Auf einen einzigen Stil hat sie sich (noch) nicht wirklich festgelegt: Der Song "Sofia" erinnert mit seinen kratzigen Gitarren an The Strokes, "I Wouldn’t Ask You" spielt mit Gospel-Einflüssen und die Vorabsingle "Bags" klingt nach Phoebe Bridgers' melancholischem Indie Rock. Aber auch wenn jeder Song ein bisschen anders daherkommt, bleibt Immunity eine zusammenhängende Platte: Nichts ist zu wirr, jedes Klangexperiment geht sanft in die nächste Idee über.
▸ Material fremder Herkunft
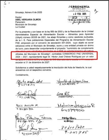 Sin embargo, el común denominador más preocupante es que ambas entidades contratistas —Consorcio PAE Universal 2024–2027 y Consorcio Solución Vial Sincelejo— tienen como representante legal a una misma persona: el señor Héctor José Chávez Rodríguez.

Man hört deutlich, wie gut sich Clairo mit ihrem Co-Produzenten, dem früheren Vampire Weekend-Gitarristen Rostam, bei den Arbeiten an der Platte verstanden hat.

Ähnlich beeindruckend wie die klangliche Vielfalt von Immunity sind Clairos schonungslos ehrliche Texte:


Man könnte meinen, dass sich Clairo nach den turbulenten Anfangszeiten im Internet eher zurückziehen würde. Tatsächlich hat alles dazu geführt, dass Clairo sich jetzt erst recht traut ihre persönlichsten Themen anzusprechen. Schon der Opener "Alewife" handelt von einem Selbstmordversuch und wie eine Freundin ihn gerade noch rechtzeitig verhindern konnte. "Sofia" rekapituliert, wie sich Clairo über ihre Bisexualität klar geworden ist, und "Bags" beschreibt, wie sie langsam aber sicher mit ihrer Identität ins Reine kommt.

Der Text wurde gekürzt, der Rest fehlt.